DATA PROVIDED:
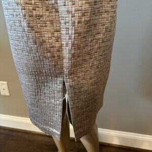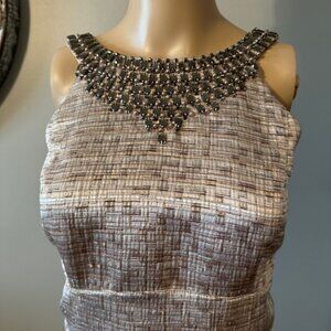 MAGGY LONDON GOLD METALLIC DRESSY SHIFT DRESS WITH JEWELED NECKLINE. BACK HAS TWO BUTTON NECK CLOSURE WITH KEYHOLE BACK TO ZIPPER.BACK SPLIT HEM NEEDS A LITTLE MENDING
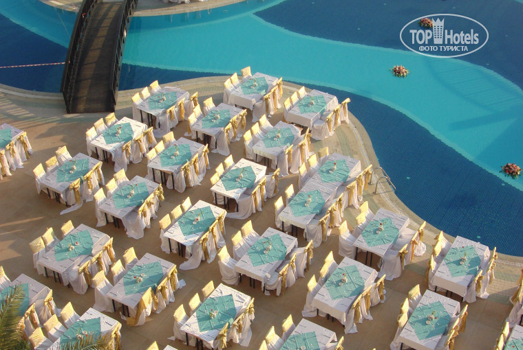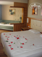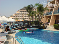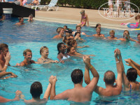 Отдыхали с 04.08.11. по 18.08.11. Нас отель устроил по всем параметрам. тихая и спокойная публика. Русские не преобладают, что я бы отнесла к достоинсву отеля. Много немцев. Питание отличное. К открытию не торопились. Еды, посуды и столов хватает всем когда бы ни пришел в ресторан. Жили на 3 этаже рядом с главным лифтом, номер с видом на море. Поселили быстро. номер убирали хорошо, но не всегда в удобное для нас время. Из главных недостатков, я бы выделила море. Пляж все же условно можно назвать песчаным, галька есть на входе и в воде под ногами большие валуны. Заход лучше правее пирса. Детей очень порадовало наличие каруселей и водных горок. Через дорогу от отеля дельфинарий. Пришлось воспользоваться медицинской страховкой. Позвонили в страховую из номера, через десять минут приехала скорая и отвезла в поликлинику. Врач осмотрел, сделали укол, прописали лечение и выдали лекарство, обратно отвезли. Гид наш не очень понравился, но ,в принципе, на имеющиеся у нас вопросы ответы получали и на этом не зацикливались. Отель конечно семейный. Детей жуткая туча, плач и крики день и ночь в любом уголке отеля. Поэтому жаждущим развлечений, приключений и т.д. , отель нужно выбирать другой.
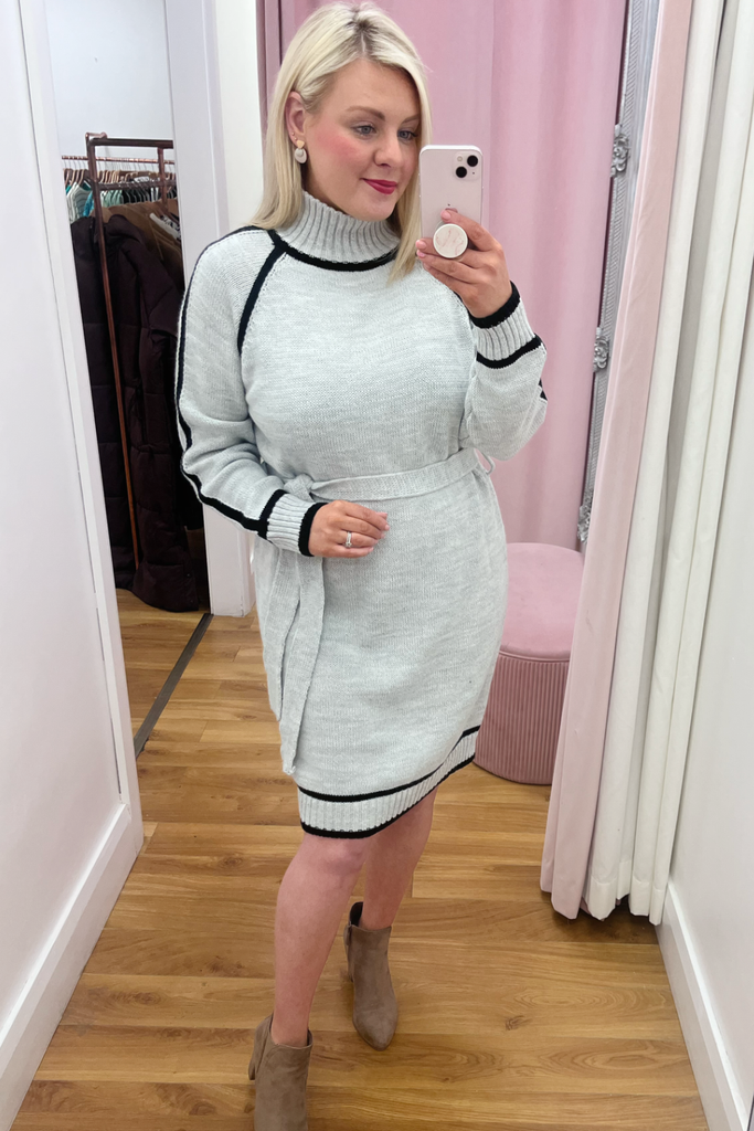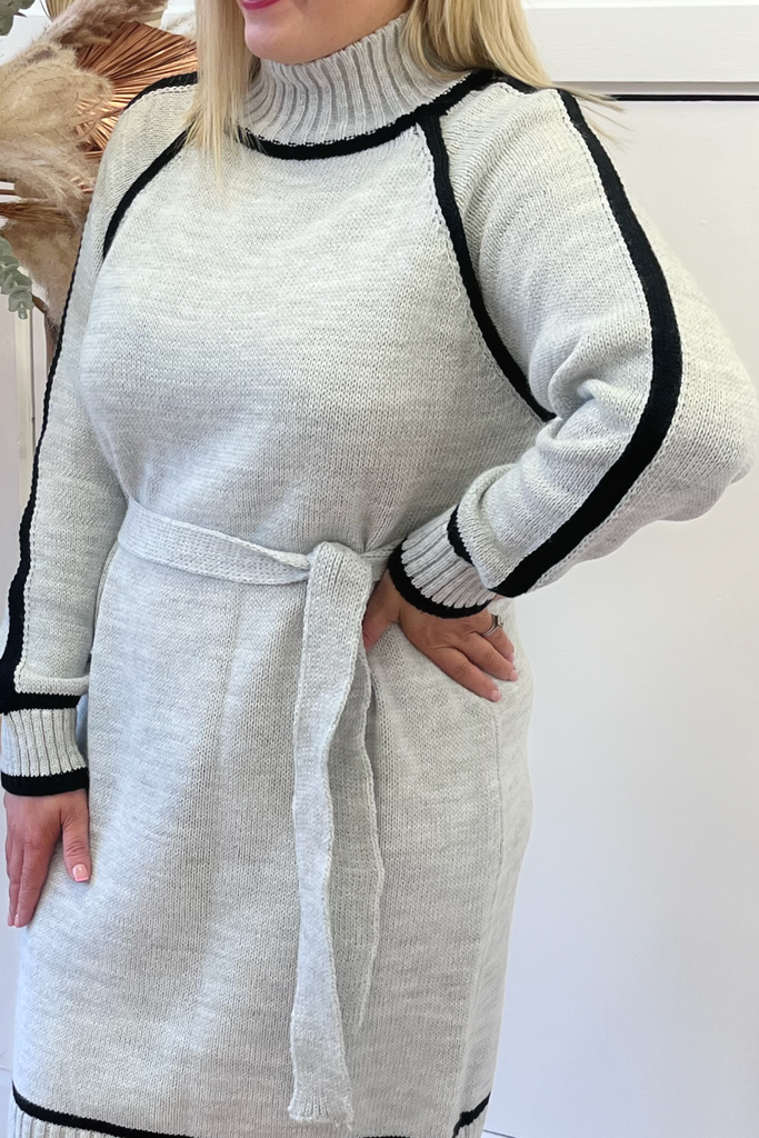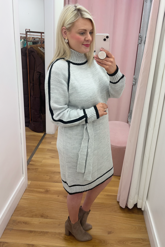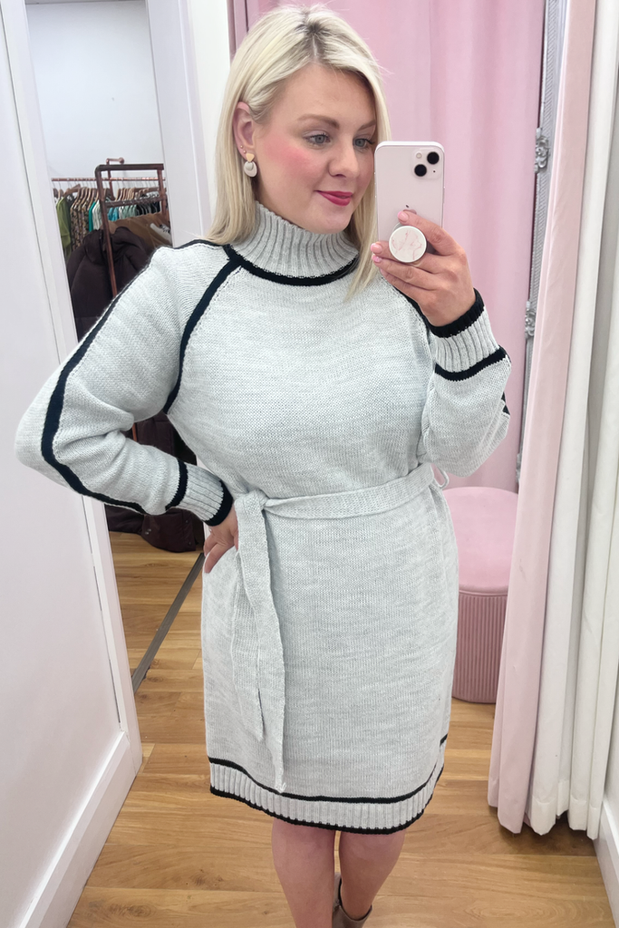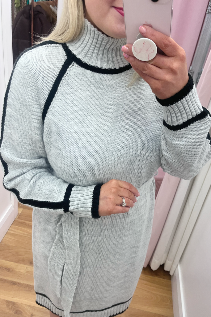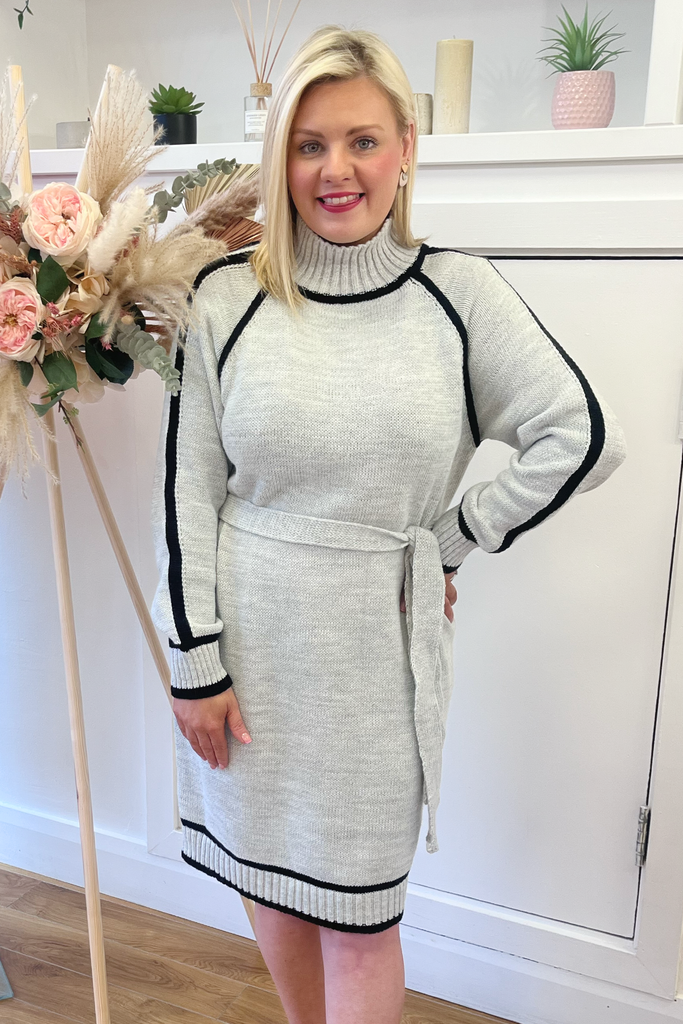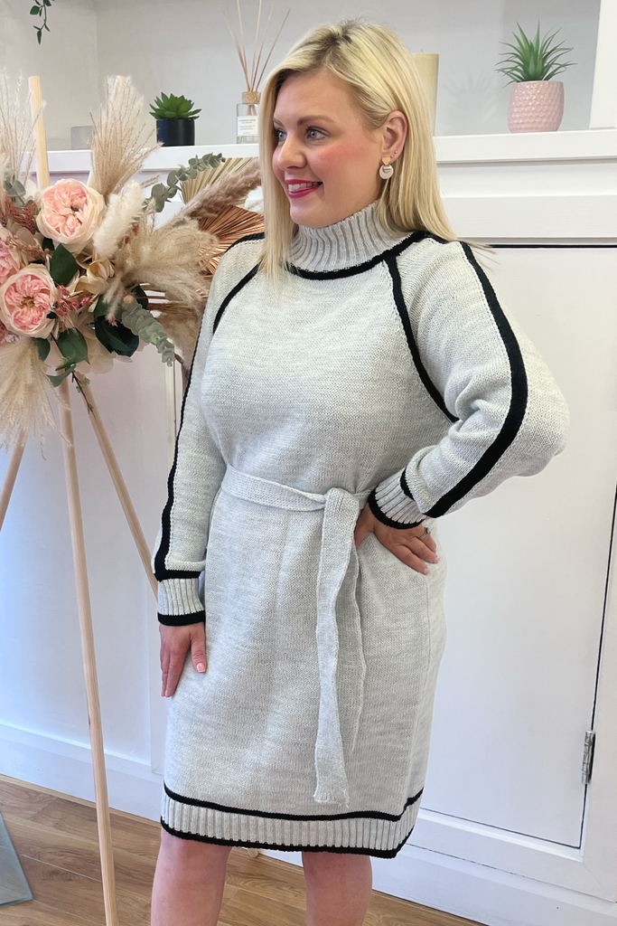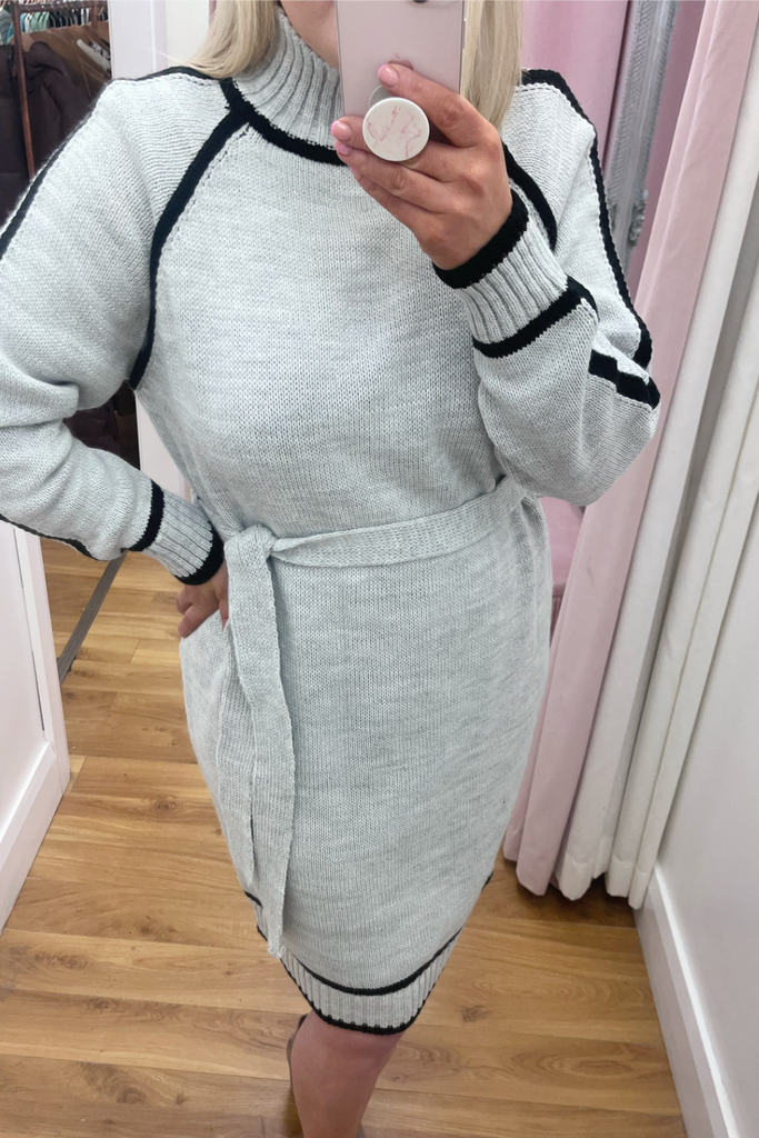 Knitted sweater dress with raised neckline, long sleeve and contrasting stripe detail. With tie belt

PROBLEM REQUIREMENTS:
What is needed is an exact reproduction of the data, pictures excluded.

FINAL ANSWER:
 MAGGY LONDON GOLD METALLIC DRESSY SHIFT DRESS WITH JEWELED NECKLINE. BACK HAS TWO BUTTON NECK CLOSURE WITH KEYHOLE BACK TO ZIPPER.BACK SPLIT HEM NEEDS A LITTLE MENDING
 Отдыхали с 04.08.11. по 18.08.11. Нас отель устроил по всем параметрам. тихая и спокойная публика. Русские не преобладают, что я бы отнесла к достоинсву отеля. Много немцев. Питание отличное. К открытию не торопились. Еды, посуды и столов хватает всем когда бы ни пришел в ресторан. Жили на 3 этаже рядом с главным лифтом, номер с видом на море. Поселили быстро. номер убирали хорошо, но не всегда в удобное для нас время. Из главных недостатков, я бы выделила море. Пляж все же условно можно назвать песчаным, галька есть на входе и в воде под ногами большие валуны. Заход лучше правее пирса. Детей очень порадовало наличие каруселей и водных горок. Через дорогу от отеля дельфинарий. Пришлось воспользоваться медицинской страховкой. Позвонили в страховую из номера, через десять минут приехала скорая и отвезла в поликлинику. Врач осмотрел, сделали укол, прописали лечение и выдали лекарство, обратно отвезли. Гид наш не очень понравился, но ,в принципе, на имеющиеся у нас вопросы ответы получали и на этом не зацикливались. Отель конечно семейный. Детей жуткая туча, плач и крики день и ночь в любом уголке отеля. Поэтому жаждущим развлечений, приключений и т.д. , отель нужно выбирать другой.
 Knitted sweater dress with raised neckline, long sleeve and contrasting stripe detail. With tie belt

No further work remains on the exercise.